And the key point is that at the end of the day, the way this task works is that you ask children to tell stories. The way they tell it and what they say is the target of observation of Psychiatrists. By looking at that, they go to a protocol, they observe. Essentially, by observing, they understand what is the attachment of children. And this is something that we have been doing a lot in social AI, in the sense that analysing automatically, with computational methods that are agnostic about the problem, i.e., observing data analysis, somewhat, you can learn, hey, through statistical methodology, to bridge the gap between the data itself, the words – the way the words are say, so the tone, the loudness, the type of intonation, etc., you can map that into the judgement of the experts. So, the machine learns from the Doctors and replicate the judgement of the Doctors, up to a certain extent, of course.
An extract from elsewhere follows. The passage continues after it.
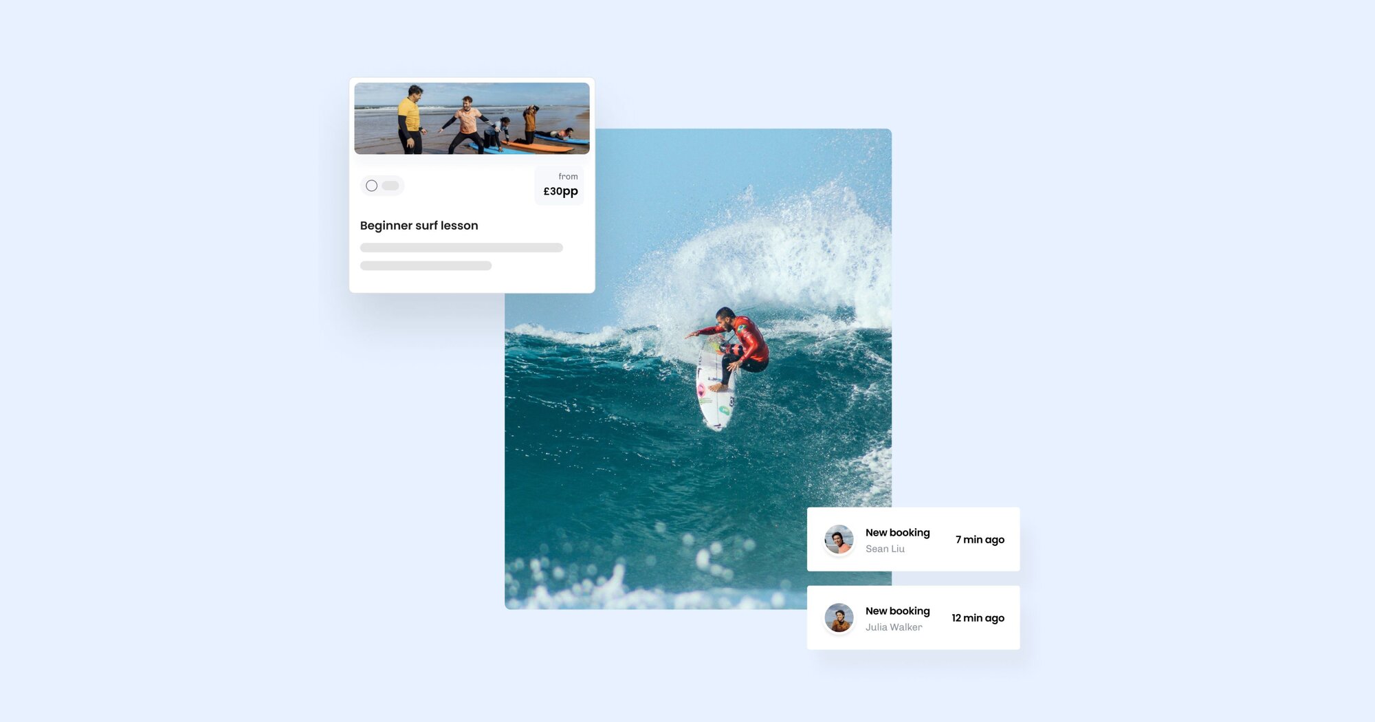 Online booking system for surf schools

Jo Carlowe Is there anything more you want to say about the methodology? Professor Helen Minnis The only other thing I would say about the adaptation of the MCAST itself was that I had trained in using the doll’s house MCAST. So, the way that the original Manchester Child Attachment Story Task works is that you sit with the child with a doll’s house and you have mummy doll and child doll, and as Alessandro says, you tell the child an attachment related story. So, for example, you might have child doll in the garden playing football and mummy doll in the kitchen and the child hurts their knee, and you’ve got to put a bit of emphasis on that. “The knee is bleeding,” so that there’s an attachment related stress. Securely attached child will bring mummy doll close immediately and smoothly and in insecure attachment, that proximity seeking will be less efficient.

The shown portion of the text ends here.